Data for analysis.
-=-=-
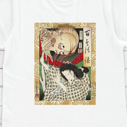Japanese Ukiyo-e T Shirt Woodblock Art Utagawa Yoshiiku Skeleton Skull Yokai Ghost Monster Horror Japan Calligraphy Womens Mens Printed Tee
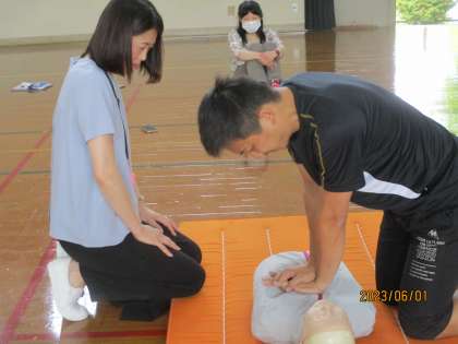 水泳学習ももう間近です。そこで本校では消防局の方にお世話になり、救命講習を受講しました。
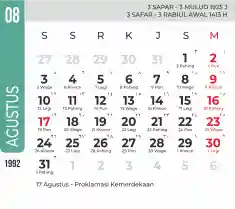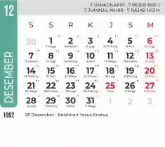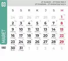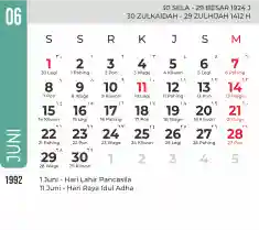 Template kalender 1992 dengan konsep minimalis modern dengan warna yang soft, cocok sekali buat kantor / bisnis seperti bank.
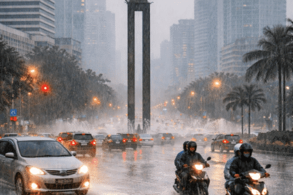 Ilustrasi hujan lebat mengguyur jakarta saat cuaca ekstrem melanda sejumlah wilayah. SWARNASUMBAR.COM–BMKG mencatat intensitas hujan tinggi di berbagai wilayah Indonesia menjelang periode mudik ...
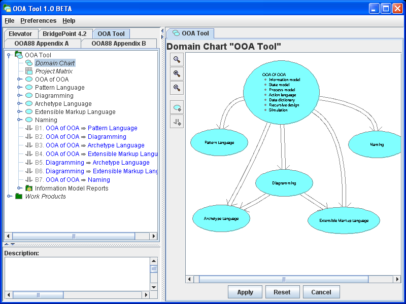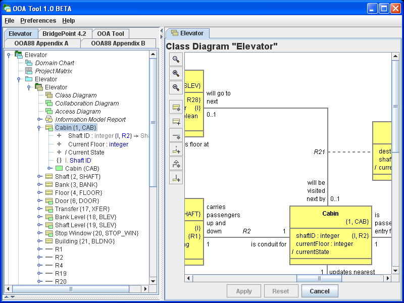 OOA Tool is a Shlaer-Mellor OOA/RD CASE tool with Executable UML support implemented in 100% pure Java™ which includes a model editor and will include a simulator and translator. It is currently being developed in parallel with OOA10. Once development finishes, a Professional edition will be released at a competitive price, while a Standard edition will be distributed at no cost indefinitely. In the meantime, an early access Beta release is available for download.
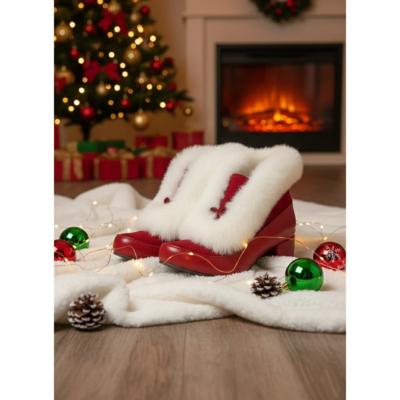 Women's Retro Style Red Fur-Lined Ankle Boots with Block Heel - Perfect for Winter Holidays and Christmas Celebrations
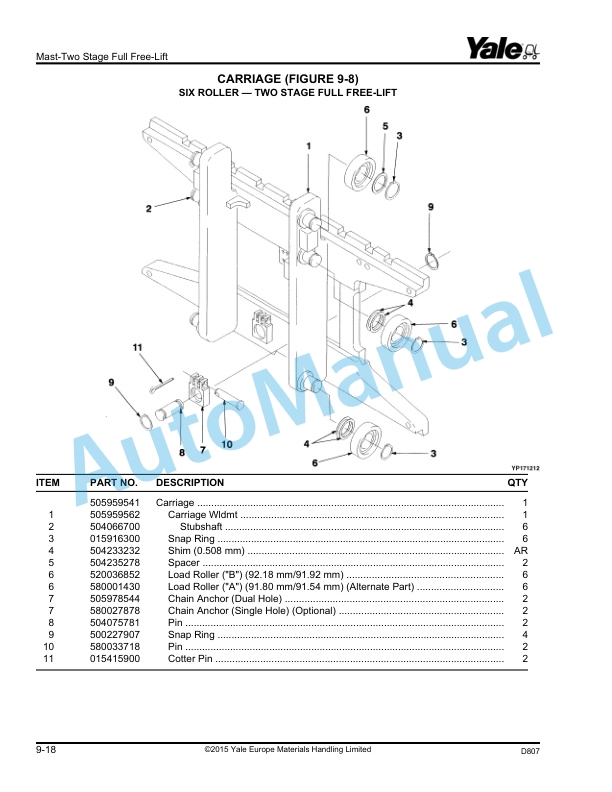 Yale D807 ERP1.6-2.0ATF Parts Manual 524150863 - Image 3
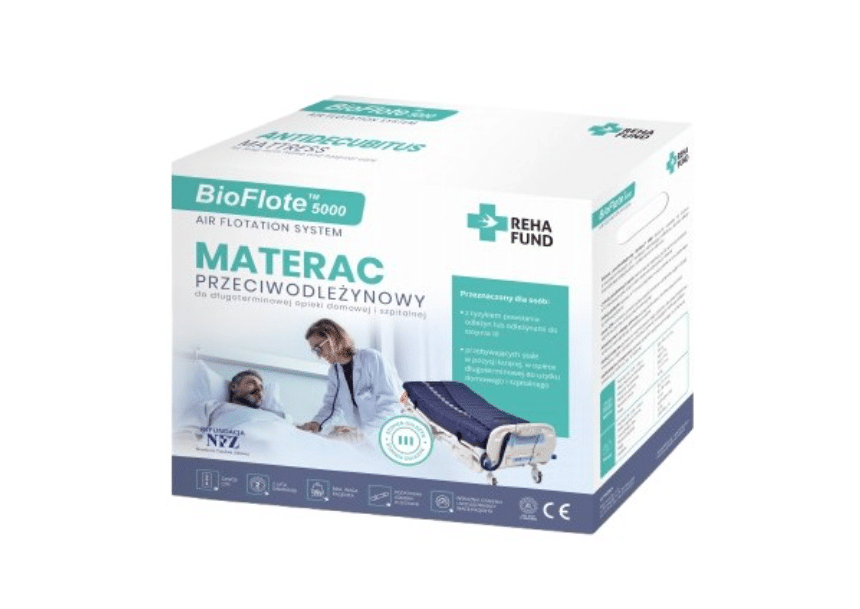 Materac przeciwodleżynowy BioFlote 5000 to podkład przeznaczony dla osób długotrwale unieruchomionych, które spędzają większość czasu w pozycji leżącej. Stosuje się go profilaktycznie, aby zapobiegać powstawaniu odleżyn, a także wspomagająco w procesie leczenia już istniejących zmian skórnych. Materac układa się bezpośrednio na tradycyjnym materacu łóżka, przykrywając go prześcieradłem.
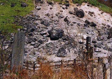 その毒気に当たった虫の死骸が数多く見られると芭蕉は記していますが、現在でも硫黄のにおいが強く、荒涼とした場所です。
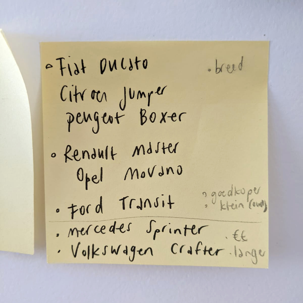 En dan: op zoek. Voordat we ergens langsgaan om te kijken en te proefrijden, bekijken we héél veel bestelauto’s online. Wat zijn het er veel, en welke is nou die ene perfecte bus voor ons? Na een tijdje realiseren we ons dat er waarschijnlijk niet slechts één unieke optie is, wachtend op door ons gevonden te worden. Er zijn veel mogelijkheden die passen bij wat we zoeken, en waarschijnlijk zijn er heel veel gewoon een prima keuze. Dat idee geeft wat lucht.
-=-=-
Assignment. Find the line with "Ilustrasi hujan lebat" in the entries above. Set down exactly every line from it up to and including the line with "その毒気に当たった虫の死骸が", images excluded.

Answer below.
 Ilustrasi hujan lebat mengguyur jakarta saat cuaca ekstrem melanda sejumlah wilayah. SWARNASUMBAR.COM–BMKG mencatat intensitas hujan tinggi di berbagai wilayah Indonesia menjelang periode mudik ...
 OOA Tool is a Shlaer-Mellor OOA/RD CASE tool with Executable UML support implemented in 100% pure Java™ which includes a model editor and will include a simulator and translator. It is currently being developed in parallel with OOA10. Once development finishes, a Professional edition will be released at a competitive price, while a Standard edition will be distributed at no cost indefinitely. In the meantime, an early access Beta release is available for download.
 Women's Retro Style Red Fur-Lined Ankle Boots with Block Heel - Perfect for Winter Holidays and Christmas Celebrations
 Yale D807 ERP1.6-2.0ATF Parts Manual 524150863 - Image 3
 Materac przeciwodleżynowy BioFlote 5000 to podkład przeznaczony dla osób długotrwale unieruchomionych, które spędzają większość czasu w pozycji leżącej. Stosuje się go profilaktycznie, aby zapobiegać powstawaniu odleżyn, a także wspomagająco w procesie leczenia już istniejących zmian skórnych. Materac układa się bezpośrednio na tradycyjnym materacu łóżka, przykrywając go prześcieradłem.
 その毒気に当たった虫の死骸が数多く見られると芭蕉は記していますが、現在でも硫黄のにおいが強く、荒涼とした場所です。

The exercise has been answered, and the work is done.